As a prototype it runs locally, but with AI coding agents it is relatively quick to write an update these kind of scripts.
6. A Data Governance and Readiness Tool
This idea was a left field one.
One of the barriers to making a leap to using a full agent was just getting started changing the process, given the other priorities in the business.
The concept behind this tool is a daily tip and reward for thinking about data governance and AI usage.
It takes the requirements and groups these into categories:
- document
- metadata
- governance
- security
- integration
- ai-llm
- reporting
- pilot
The tool is still a PoC (the name still resembles a breakfast cereal) and is being trialled internally.
Lessons Learnt
Lessons so far categorised by the key themes above:
Data privacy concerns:
- It is possible to run LLM models locally and not in the cloud to alleviate privacy concerns
- Data governance is key whether running the process manually or automating it with AI.
Accuracy concerns:
- The LLMs extraction of obligations are still viewed as not accurate compared to an analyst manually extracting the obligations to a spreadsheet
Trust concerns:
- The more abstracted a package/tool the more the tool becomes a black box to the steps and decisions made by the tool
- Web app chat UIs do not give enough transparency or visibility of underlying documentation or steps or decisions in the process
Familiar formats:
- Excel is still preferred as a format for the output to manage the obligations
- The team does not have any in house engineers so any solution would need to be as low code or no code as possible
Recommendation
The recommendation is to agentify the obligations management process only using least priviledge data access and limit AI access to the obligations, with a boundary to isolate the legal documents store. This means a cloud AI solution is more acceptable.
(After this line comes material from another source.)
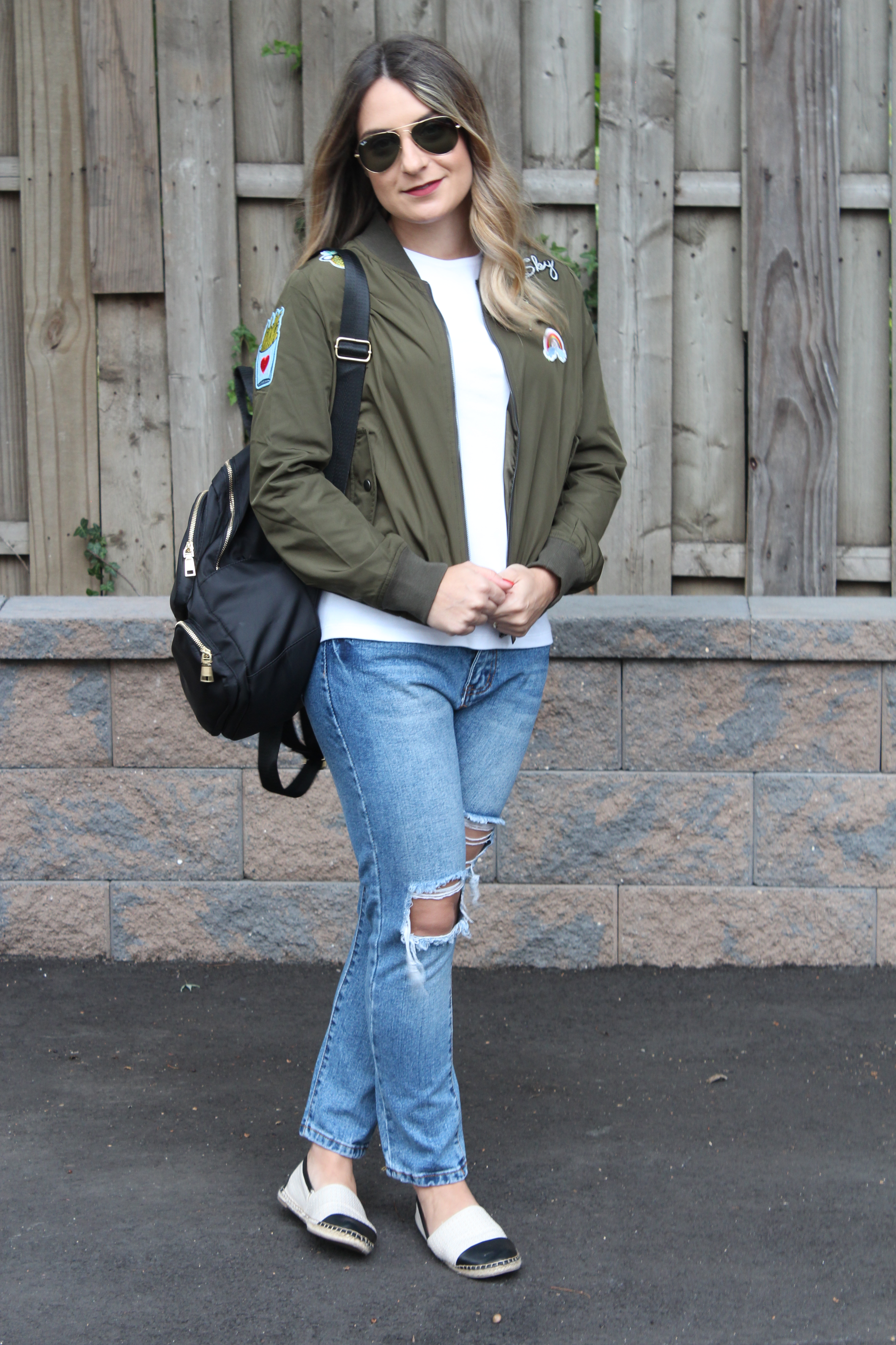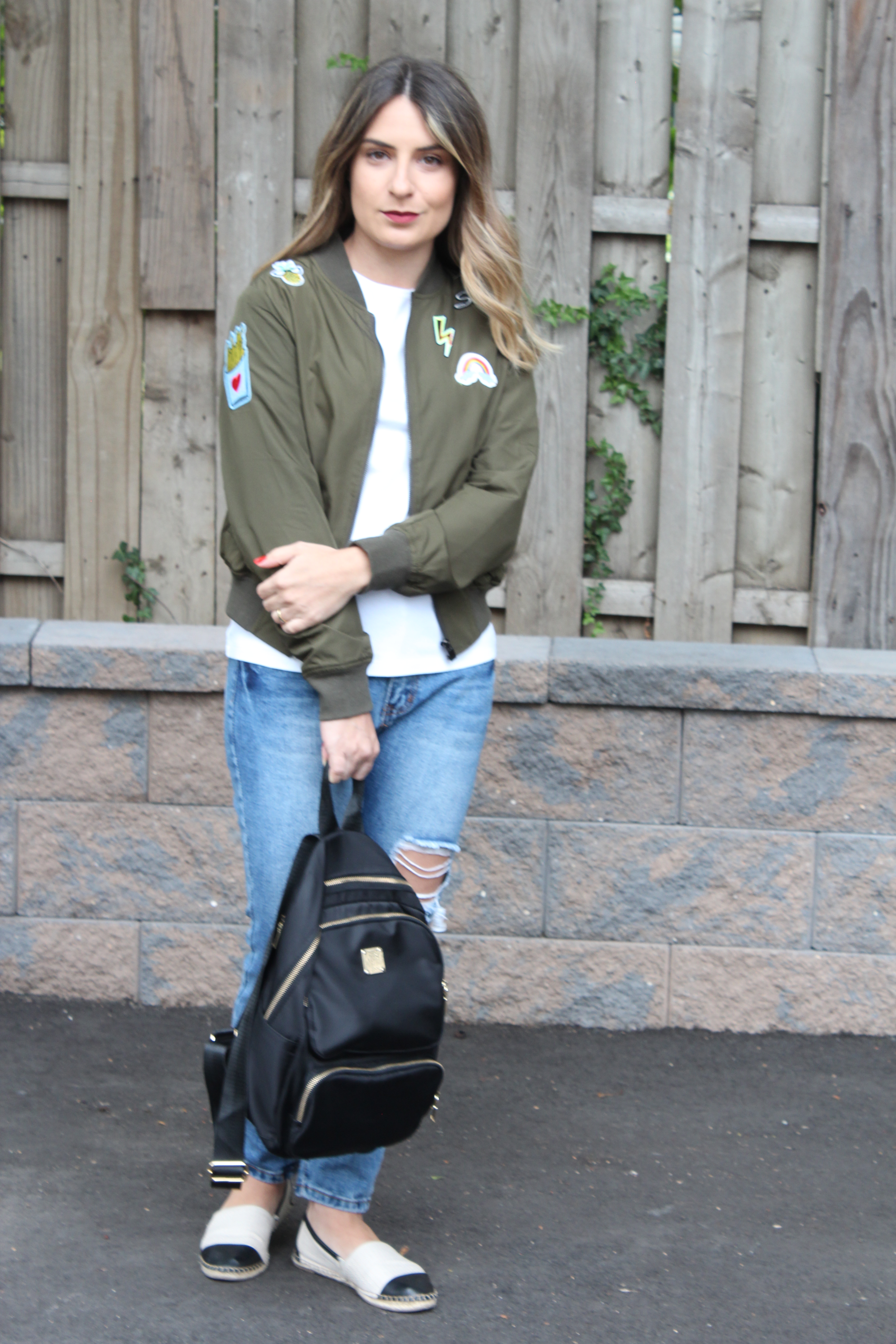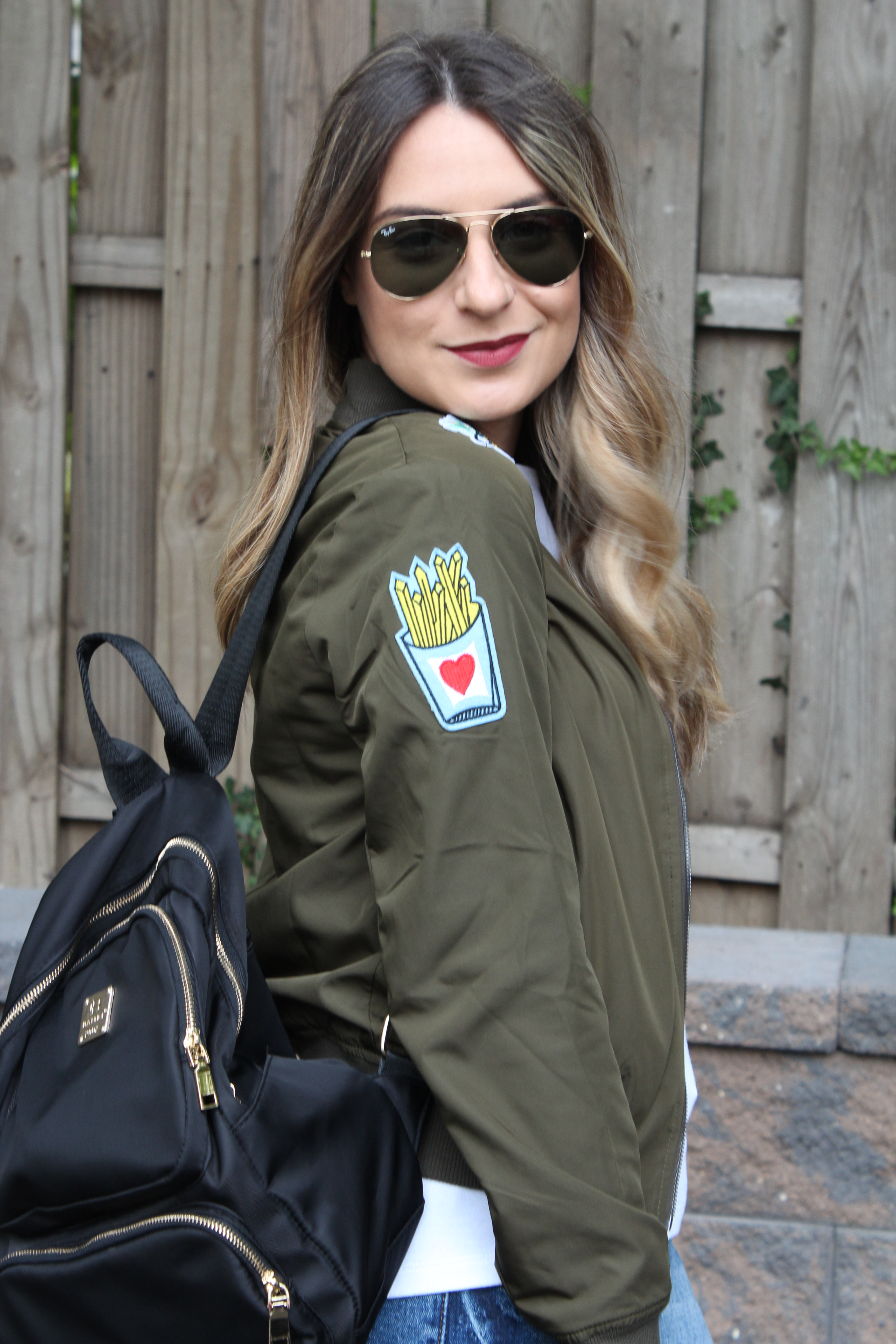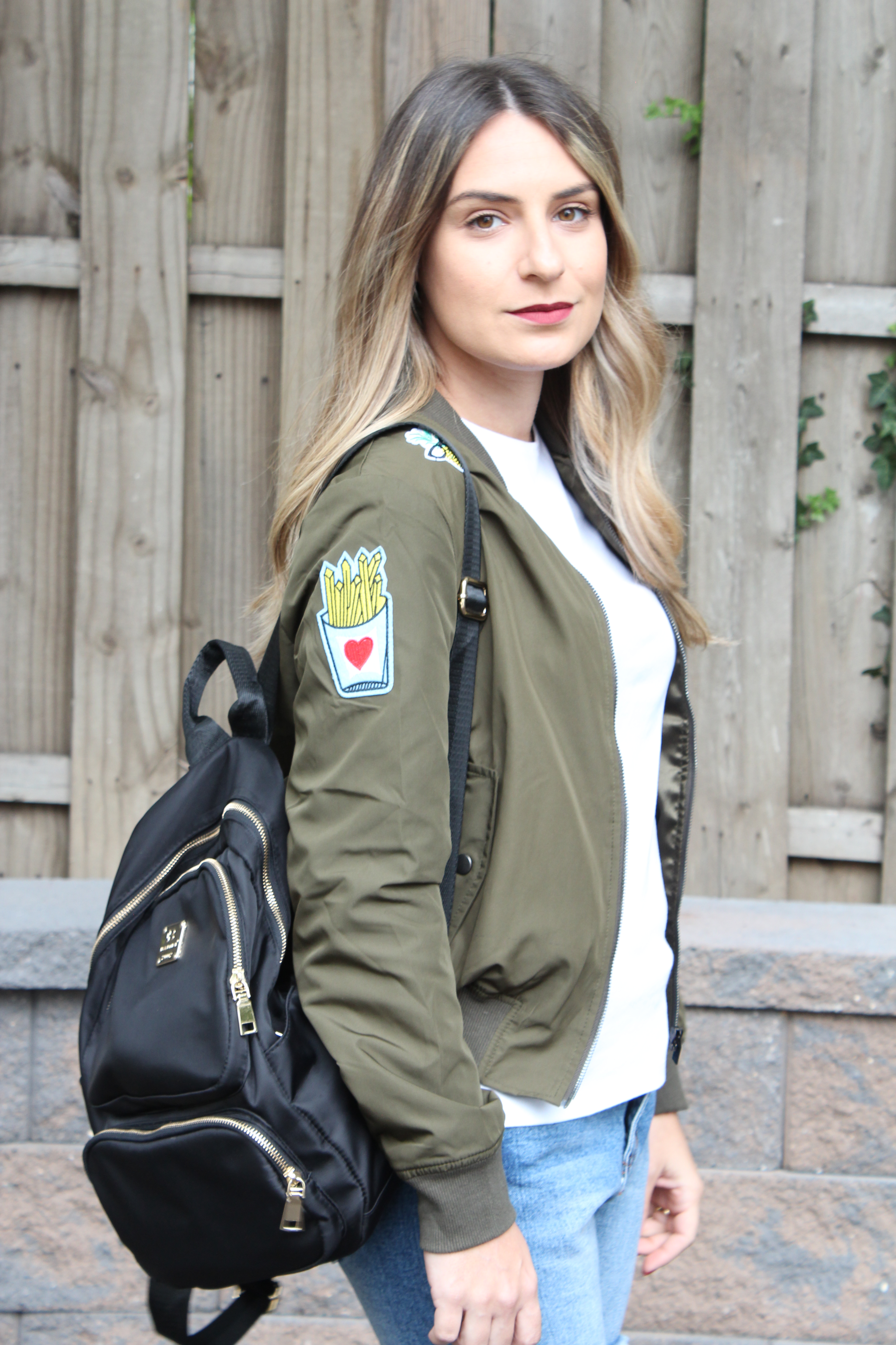 O look de hoje tem um toque especial direto dos anos 90: os patches! Esta tendência esta super em alta, mas ainda não tinha nenhuma peça para chamar de minha ate a Make me Chic me enviar essa jaqueta bomber lindaaaa! Estou amando os modelos bomber, e com patches ficam ainda mais charmosas e divertidas. A cor verde militar também é tendência e fica super legal com looks neutros e casuais. O look de hoje esta bem básico mas cheio de informações de moda! Combinei a bomber com uma t-shirt branca, jeans destroyed, sapatilha espadrille e mini mochila. Vejam só:

The obligations already live in Excel, which is the preferred format that is readable and auditable.
graph TD
SH[Human]
LD[Legal and Compliance Documents]
VO[Versioned Obligations]
START --> SH
SH -.->|creates| LD
SH -.->|document questions| LD
LD -.->|extracts| VO
VO --> MANAGE[Manage Obligations Tool]
MANAGE -.->|notifies obligations| SH
SH -.->|reviews obligations| VO
MANAGE --> END[End]
style START fill:#22c55e,color:#fff
style MANAGE fill:#6366f1,color:#fff
style END fill:#22c55e,color:#fff
style SH fill:#f3e8ff,stroke:#9333ea,color:#6b21a8
Given the startup has no in-house engineers, the recommendation is two further proof of concepts :
- Microsoft Power Automate + AI Builder. This has a visual workflow with prebuilt and custom models available.
- Microsoft Copilot studio which is a platform for building and managing agents.
Although this doesn’t create an agent for the whole process yet, it is a step forward in automation alongside the data governance efforts.